* [YOUR OBJECTIVE]:
In the data that follows, find the line with "Crafted exclusively from"; transcribe it, every later line up to the one with "Darüber hinaus waren", and that line as well, exactly and with no others.

* [TASK MATERIAL]:
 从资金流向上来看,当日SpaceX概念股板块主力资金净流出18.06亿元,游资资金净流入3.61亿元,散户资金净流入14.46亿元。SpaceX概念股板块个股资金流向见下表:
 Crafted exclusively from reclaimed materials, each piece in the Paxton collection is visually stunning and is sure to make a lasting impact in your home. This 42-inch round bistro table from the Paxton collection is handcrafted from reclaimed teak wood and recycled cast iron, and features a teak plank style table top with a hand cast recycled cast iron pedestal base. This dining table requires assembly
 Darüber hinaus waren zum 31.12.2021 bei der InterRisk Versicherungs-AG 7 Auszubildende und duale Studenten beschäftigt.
---
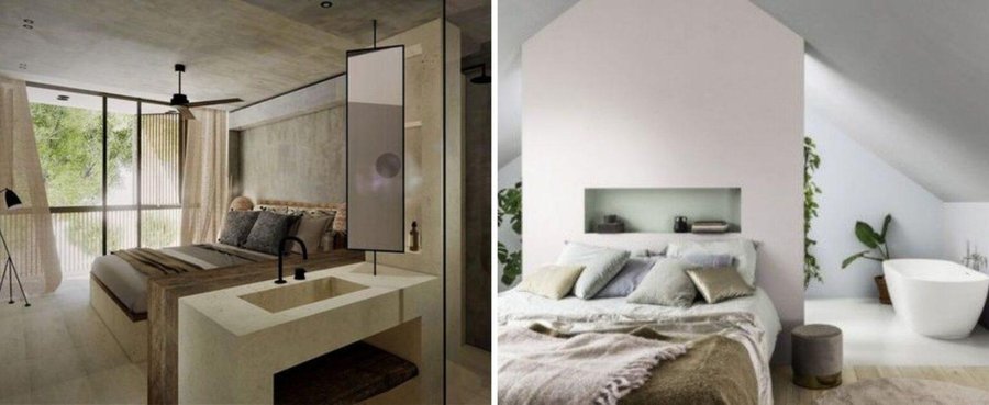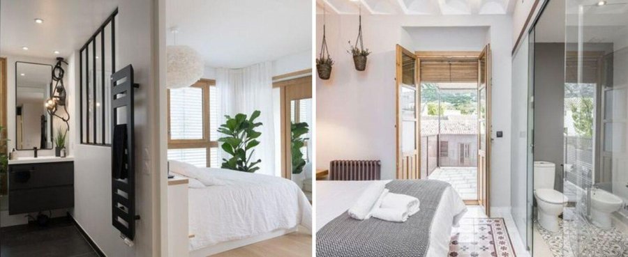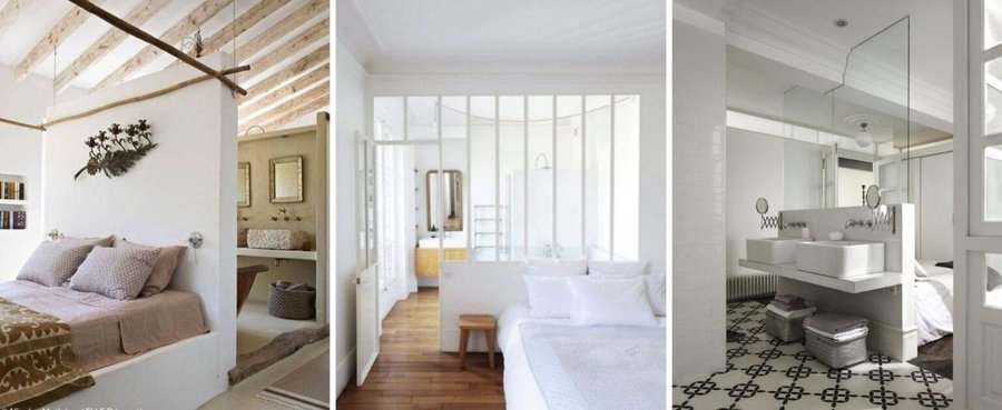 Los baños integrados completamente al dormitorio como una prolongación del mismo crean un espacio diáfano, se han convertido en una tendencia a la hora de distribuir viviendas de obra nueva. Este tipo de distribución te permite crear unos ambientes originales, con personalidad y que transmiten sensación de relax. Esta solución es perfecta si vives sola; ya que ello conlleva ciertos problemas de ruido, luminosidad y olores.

* [ANSWER FOR THE TASK]:
 Crafted exclusively from reclaimed materials, each piece in the Paxton collection is visually stunning and is sure to make a lasting impact in your home. This 42-inch round bistro table from the Paxton collection is handcrafted from reclaimed teak wood and recycled cast iron, and features a teak plank style table top with a hand cast recycled cast iron pedestal base. This dining table requires assembly
 Darüber hinaus waren zum 31.12.2021 bei der InterRisk Versicherungs-AG 7 Auszubildende und duale Studenten beschäftigt.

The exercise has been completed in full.